# Do females act like males?



## Starchild (Jan 16, 2020)

Hello. Newbie to the forum but not to pigeons. I have a king pigeon mix I hatched in my incubator and raised by hand. He has never been around another pigeon. As a baby, I determined he was male by vent and other indicators I’ve used successfully in the past. As he matured, he got all the male looks. Large body, bigger head etc. and behavior wise he was all male. Strutting, circling, cooing, bowing and rushing towards me with tail fanned downward. Then, about a couple of months ago he started acting more girly. Cooing softly to me and the flattening to the ground with spread wings when I’d come over. Classic female wanting to mate behavior. I’d scratch him on the back and under the wings-the sexy stuff (to a pigeon anyway lol) and then he’d get up and start strutting and cooing and acting all male again. He recently picked a spot he wanted to nest in and would sit there and coo softly and bow to the spot for me to come over and if I put my hand next to him he’d nibble gently and be all calm.
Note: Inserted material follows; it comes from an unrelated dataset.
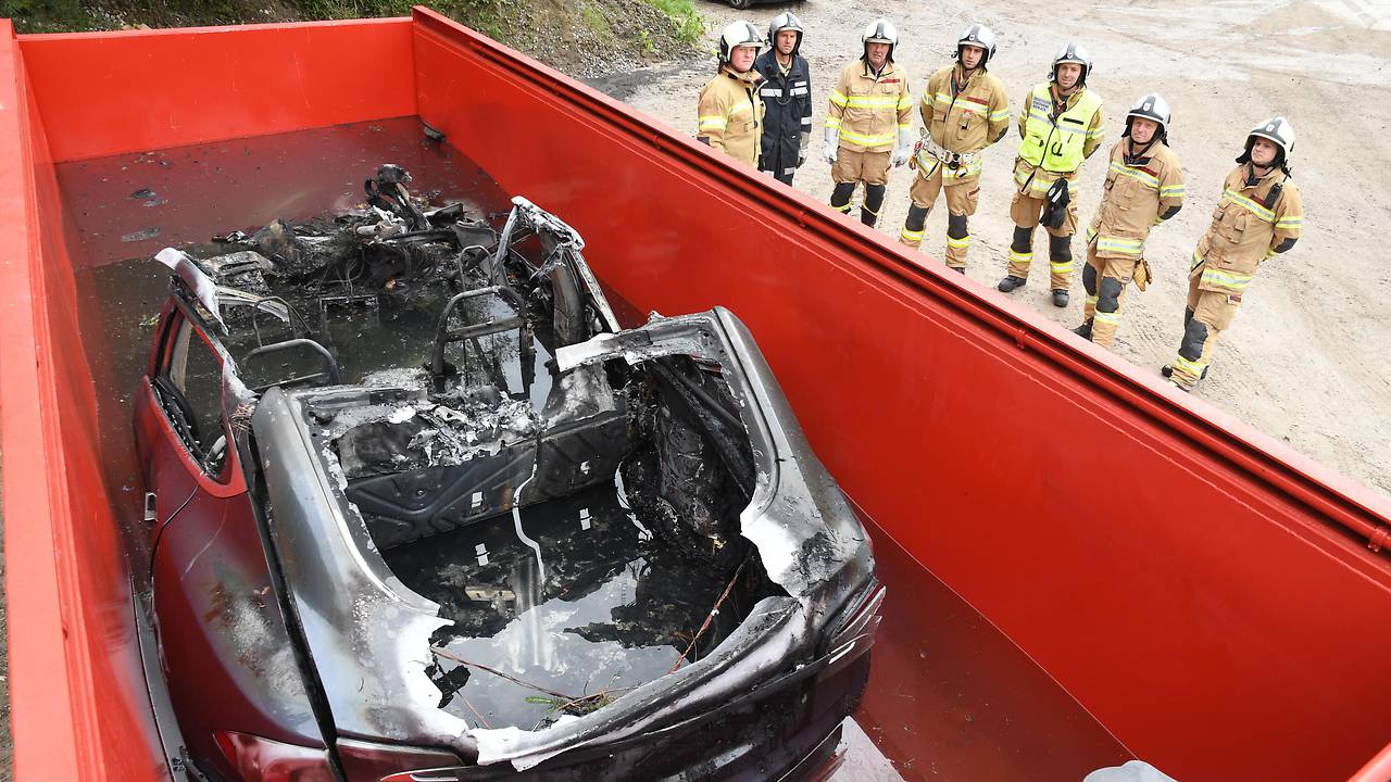 Gasilci, ki morajo pogasiti goreč akumulator, se torej znajdejo pred velikim izzivom: gašenje z običajnimi sredstvi ni dovolj učinkovito. Pomaga le eno: potopitev sklopa akumulatorjev v veliko količino vode.

Again, male behavior. I read the some males will occasionally exhibit female behaviors to I just put it off to that. Then this evening he was sitting on the floor (I should probably state he has free range of an entire room) and when I came in and he flew up to his nighttime roosting spot, there was an egg on the floor!!! Since males can act like females, do females ever look and act like males? I can’t find any info on that.


----------



## Ladygrey (Dec 10, 2016)

Yes, hens will mount their male mate. 

Sexing pigeons by vent doesn’t work. But the egg tells all.


----------